Рассказ мой был очень плох. Между прочим, в качестве эпизодического лица в нем, совершенно неоправданно, появлялась героиня моей повести «Без дороги», ищущая дорогу Наташа. В новом рассказе она оказывалась нашедшею дорогу, была марксисткой и являлась в рассказе исключительно для того, чтобы заявить себя марксисткою и отбарабанить свое новое «credo». Ее устами я решительно порывал с прежними своими взглядами и безоговорочно становился на сторону нового течения.
Рассказ был плох. Но для меня последствия были не от плохих художественных качеств рассказа, а от этого выступления Наташи.
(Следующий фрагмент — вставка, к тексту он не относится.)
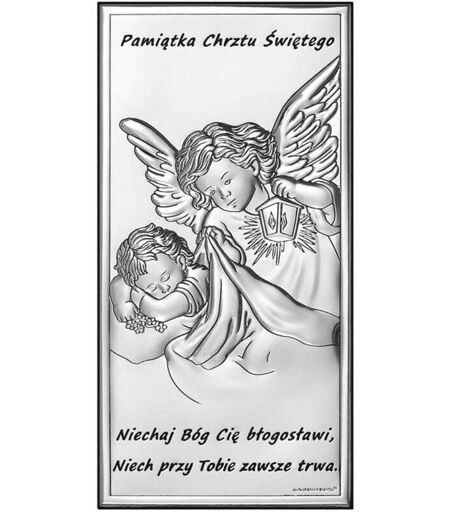 SOUVENIR UNICO Quadretto esclusivo in argento di , produttore leader di souvenir in argento. Il quadro rettangolare raffigura Un angelo con una lanterna . Nella parte superiore dell'immagine c'è la scritta "Ricordo del Santo Battesimo", mentre in basso c'è il saluto " Che Dio ti benedica..." Un'immagine del genere è un regalo o un souvenir unico per un'occasione speciale come il Santo Battesimo. ...

Прежде ласковые и внимательные глаза членов редакции «Русского богатства» стали теперь холодными и какими-то невидящими... <...> ...Однажды [на четверговом собрании сотрудников журнала] отношение ко мне выразилось до того ясно, ко мне так определенно оборачивались спиною, что я встал и ушел, ни с кем не прощаясь, и с тех пор перестал ходить к ним.
Месяцев через пять-шесть, на какой-то писательской панихиде на Волковом кладбище, я на мостках лицом к лицу встретился с Михайловским. Поклонился ему. Он с холодным удивлением оглядел меня, как бы недоумевая, кто этот незнакомый ему человек, потом поспешно поднес руку к шляпе и раскланялся с преувеличенною вежливостью, как будто так и не узнал (Там же. С.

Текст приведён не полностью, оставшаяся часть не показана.